Description of the task | Your task is to return, word for word, only the lines from the line with "4月20日,鄭棉主要合約高開" through the close of the data. Exclude all pictures.

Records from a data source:
★ ★ ★ ★ ★ ★ ★
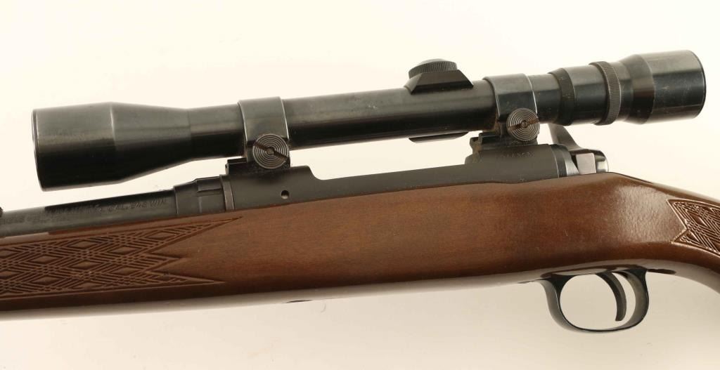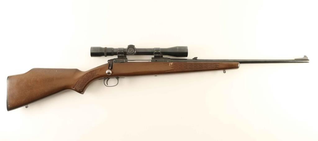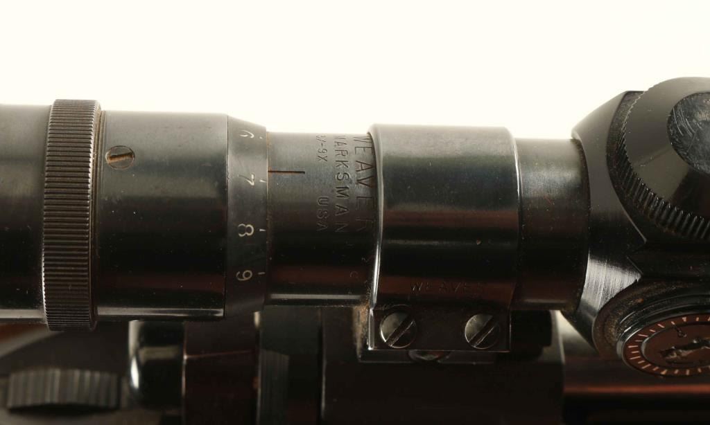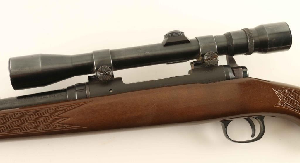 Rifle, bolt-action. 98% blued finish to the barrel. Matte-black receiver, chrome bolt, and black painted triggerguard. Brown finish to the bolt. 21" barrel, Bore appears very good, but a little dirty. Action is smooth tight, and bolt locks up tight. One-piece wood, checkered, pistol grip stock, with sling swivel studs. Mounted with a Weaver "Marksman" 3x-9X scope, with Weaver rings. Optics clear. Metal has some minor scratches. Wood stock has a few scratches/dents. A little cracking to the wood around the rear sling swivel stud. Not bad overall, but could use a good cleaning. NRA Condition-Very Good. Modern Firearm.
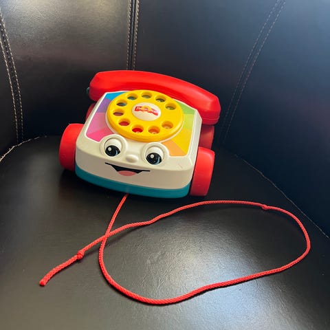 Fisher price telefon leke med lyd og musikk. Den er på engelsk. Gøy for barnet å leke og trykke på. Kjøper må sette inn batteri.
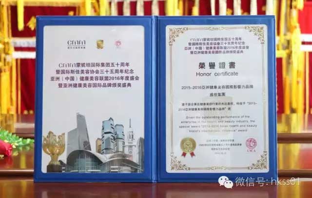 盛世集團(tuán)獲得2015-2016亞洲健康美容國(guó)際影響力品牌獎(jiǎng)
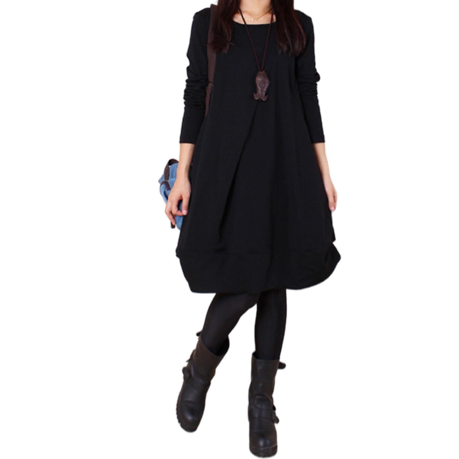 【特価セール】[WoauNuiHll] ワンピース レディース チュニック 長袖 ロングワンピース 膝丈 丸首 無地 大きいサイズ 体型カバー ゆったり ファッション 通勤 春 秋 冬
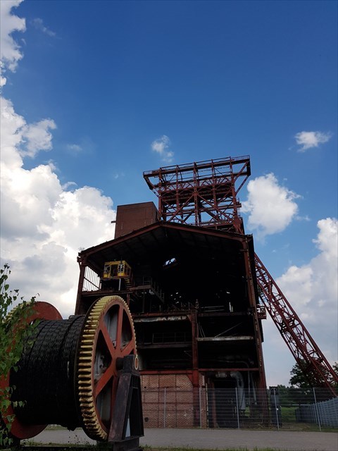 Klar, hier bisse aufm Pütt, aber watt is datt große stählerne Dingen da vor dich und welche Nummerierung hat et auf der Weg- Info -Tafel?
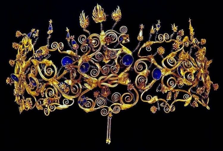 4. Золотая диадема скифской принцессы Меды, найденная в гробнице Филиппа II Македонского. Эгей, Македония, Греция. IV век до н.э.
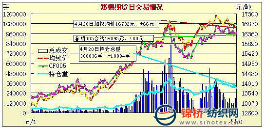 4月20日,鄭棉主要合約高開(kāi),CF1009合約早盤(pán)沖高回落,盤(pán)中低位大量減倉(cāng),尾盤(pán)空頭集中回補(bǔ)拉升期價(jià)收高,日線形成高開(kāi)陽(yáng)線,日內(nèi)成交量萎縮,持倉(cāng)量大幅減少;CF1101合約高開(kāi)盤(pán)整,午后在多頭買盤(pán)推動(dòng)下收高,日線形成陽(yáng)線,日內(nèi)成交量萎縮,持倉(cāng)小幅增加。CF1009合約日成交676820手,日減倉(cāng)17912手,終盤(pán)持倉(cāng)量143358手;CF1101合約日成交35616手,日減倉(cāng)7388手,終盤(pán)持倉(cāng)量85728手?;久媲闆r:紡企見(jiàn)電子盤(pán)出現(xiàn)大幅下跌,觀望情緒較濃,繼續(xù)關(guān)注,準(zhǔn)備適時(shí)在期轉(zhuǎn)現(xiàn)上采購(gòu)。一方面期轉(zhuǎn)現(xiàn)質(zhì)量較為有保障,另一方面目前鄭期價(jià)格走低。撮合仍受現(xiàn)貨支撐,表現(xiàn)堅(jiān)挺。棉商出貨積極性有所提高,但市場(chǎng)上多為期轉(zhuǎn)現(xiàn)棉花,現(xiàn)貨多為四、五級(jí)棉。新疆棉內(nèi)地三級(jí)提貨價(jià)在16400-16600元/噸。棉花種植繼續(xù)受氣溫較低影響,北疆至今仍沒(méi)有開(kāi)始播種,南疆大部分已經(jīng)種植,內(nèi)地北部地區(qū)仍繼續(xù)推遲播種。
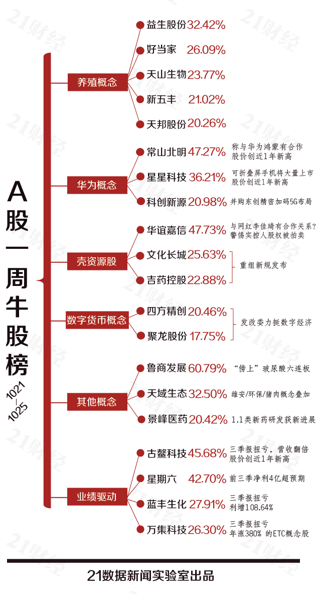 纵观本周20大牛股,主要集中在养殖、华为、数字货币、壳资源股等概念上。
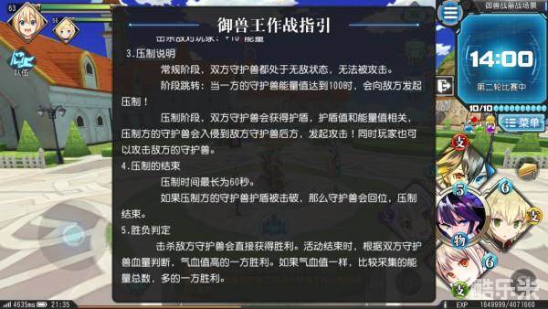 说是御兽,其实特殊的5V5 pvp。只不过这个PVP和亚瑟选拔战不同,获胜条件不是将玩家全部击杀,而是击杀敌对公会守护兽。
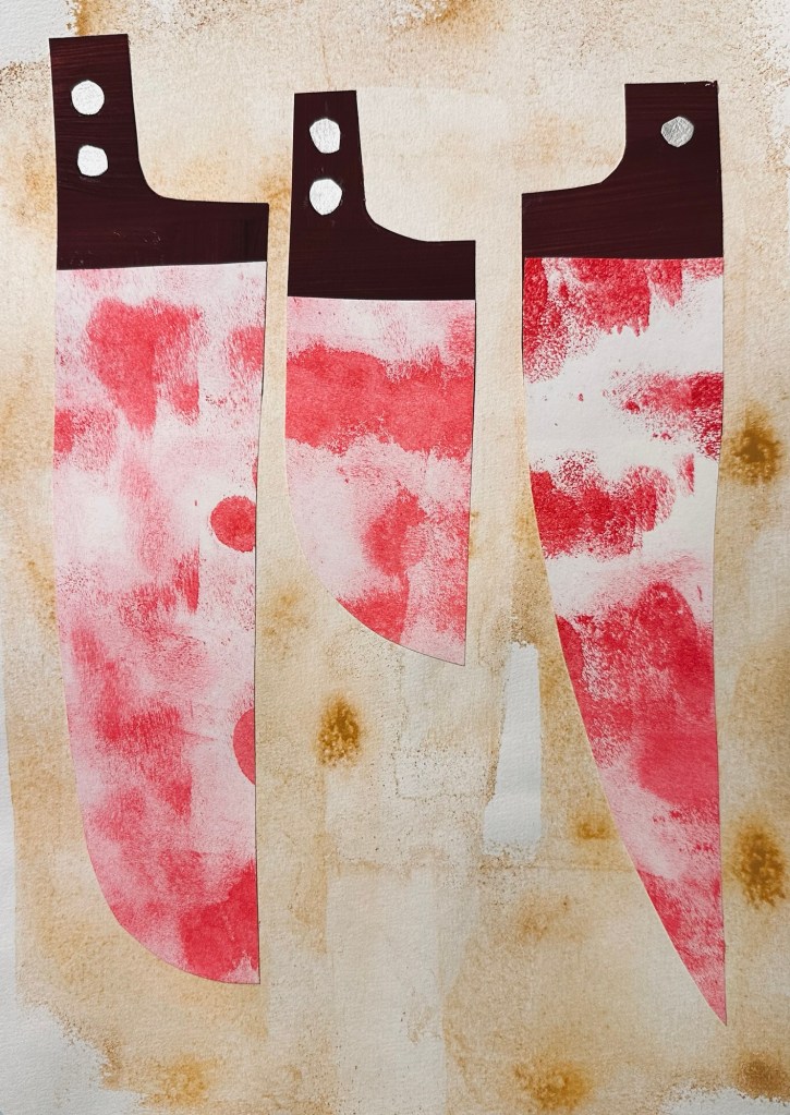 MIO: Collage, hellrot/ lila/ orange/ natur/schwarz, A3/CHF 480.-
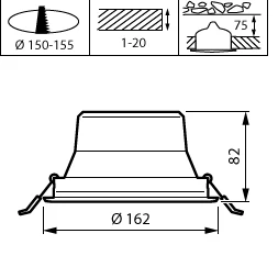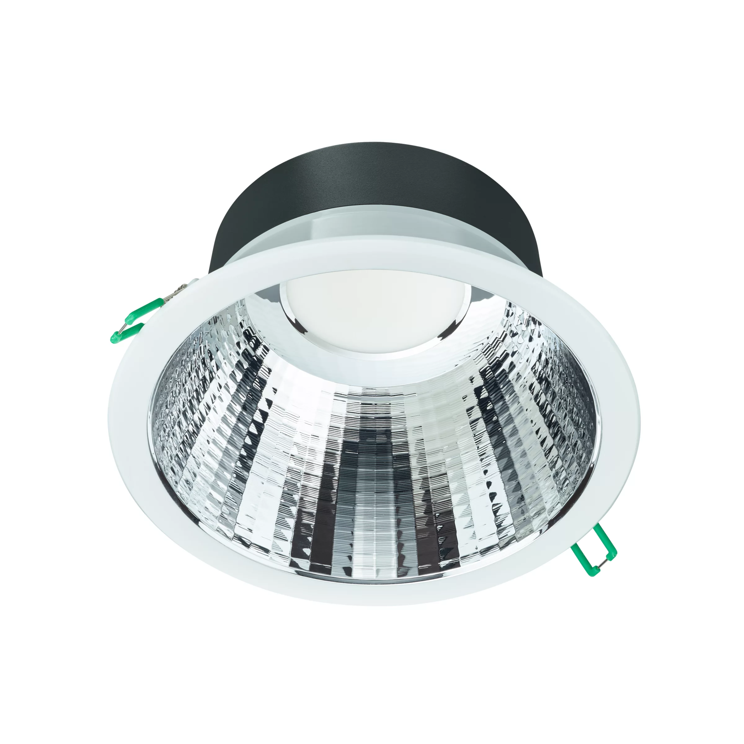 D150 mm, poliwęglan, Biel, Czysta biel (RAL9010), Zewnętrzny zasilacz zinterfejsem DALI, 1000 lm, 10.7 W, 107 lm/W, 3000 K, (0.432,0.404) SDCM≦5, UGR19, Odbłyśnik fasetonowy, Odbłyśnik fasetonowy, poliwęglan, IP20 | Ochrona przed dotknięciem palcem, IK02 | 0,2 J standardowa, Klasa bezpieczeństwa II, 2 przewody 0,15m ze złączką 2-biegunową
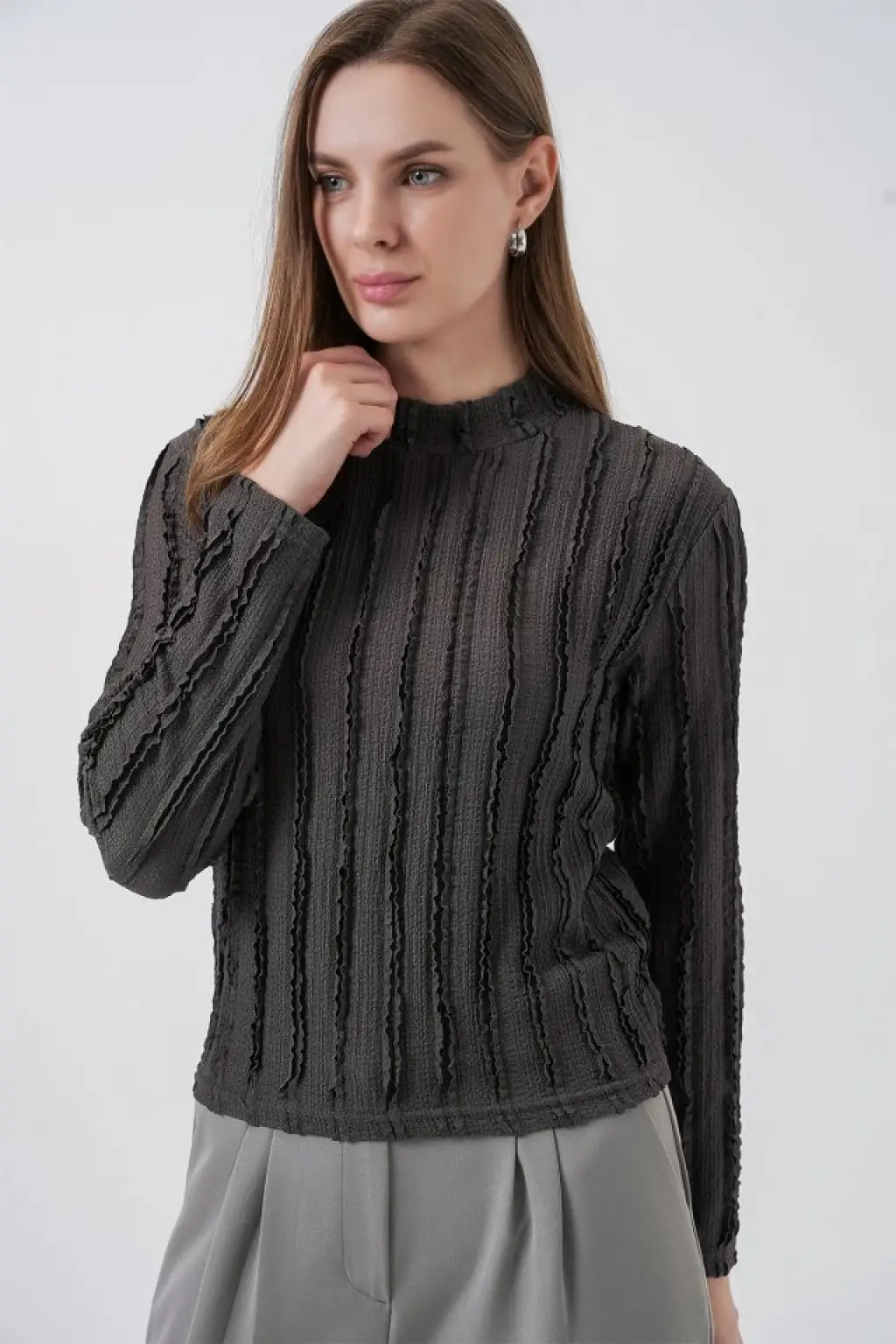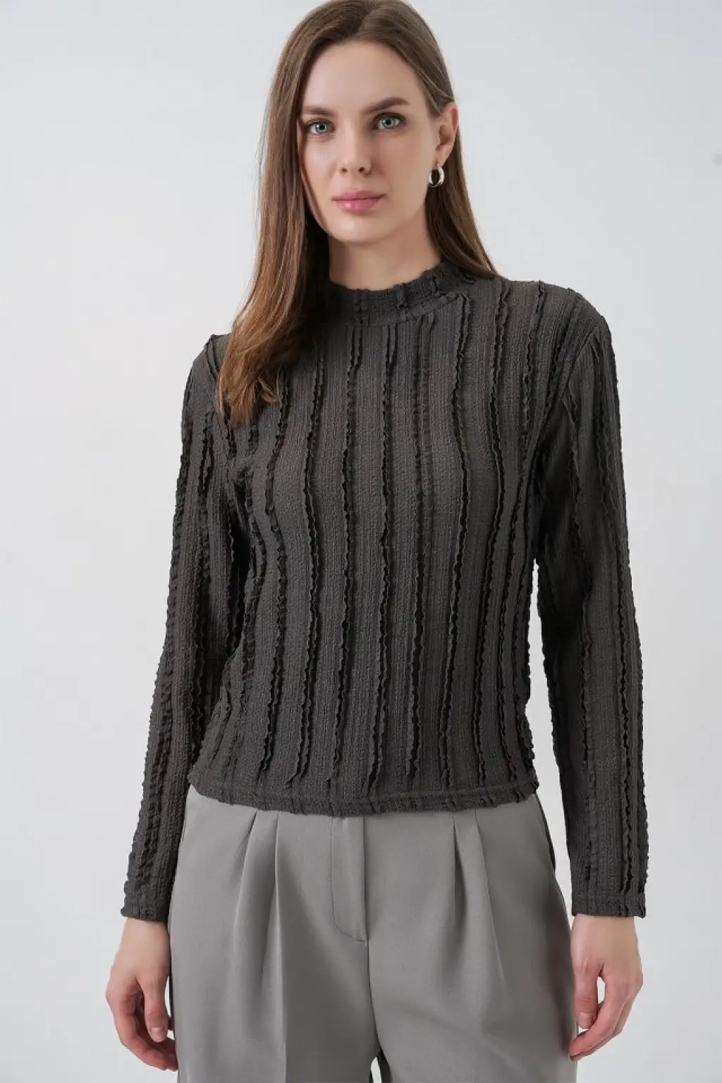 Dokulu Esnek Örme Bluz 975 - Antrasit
★ ★ ★ ★ ★ ★ ★
Response box |
 4月20日,鄭棉主要合約高開(kāi),CF1009合約早盤(pán)沖高回落,盤(pán)中低位大量減倉(cāng),尾盤(pán)空頭集中回補(bǔ)拉升期價(jià)收高,日線形成高開(kāi)陽(yáng)線,日內(nèi)成交量萎縮,持倉(cāng)量大幅減少;CF1101合約高開(kāi)盤(pán)整,午后在多頭買盤(pán)推動(dòng)下收高,日線形成陽(yáng)線,日內(nèi)成交量萎縮,持倉(cāng)小幅增加。CF1009合約日成交676820手,日減倉(cāng)17912手,終盤(pán)持倉(cāng)量143358手;CF1101合約日成交35616手,日減倉(cāng)7388手,終盤(pán)持倉(cāng)量85728手?;久媲闆r:紡企見(jiàn)電子盤(pán)出現(xiàn)大幅下跌,觀望情緒較濃,繼續(xù)關(guān)注,準(zhǔn)備適時(shí)在期轉(zhuǎn)現(xiàn)上采購(gòu)。一方面期轉(zhuǎn)現(xiàn)質(zhì)量較為有保障,另一方面目前鄭期價(jià)格走低。撮合仍受現(xiàn)貨支撐,表現(xiàn)堅(jiān)挺。棉商出貨積極性有所提高,但市場(chǎng)上多為期轉(zhuǎn)現(xiàn)棉花,現(xiàn)貨多為四、五級(jí)棉。新疆棉內(nèi)地三級(jí)提貨價(jià)在16400-16600元/噸。棉花種植繼續(xù)受氣溫較低影響,北疆至今仍沒(méi)有開(kāi)始播種,南疆大部分已經(jīng)種植,內(nèi)地北部地區(qū)仍繼續(xù)推遲播種。
 纵观本周20大牛股,主要集中在养殖、华为、数字货币、壳资源股等概念上。
 说是御兽,其实特殊的5V5 pvp。只不过这个PVP和亚瑟选拔战不同,获胜条件不是将玩家全部击杀,而是击杀敌对公会守护兽。
 MIO: Collage, hellrot/ lila/ orange/ natur/schwarz, A3/CHF 480.-
 D150 mm, poliwęglan, Biel, Czysta biel (RAL9010), Zewnętrzny zasilacz zinterfejsem DALI, 1000 lm, 10.7 W, 107 lm/W, 3000 K, (0.432,0.404) SDCM≦5, UGR19, Odbłyśnik fasetonowy, Odbłyśnik fasetonowy, poliwęglan, IP20 | Ochrona przed dotknięciem palcem, IK02 | 0,2 J standardowa, Klasa bezpieczeństwa II, 2 przewody 0,15m ze złączką 2-biegunową
 Dokulu Esnek Örme Bluz 975 - Antrasit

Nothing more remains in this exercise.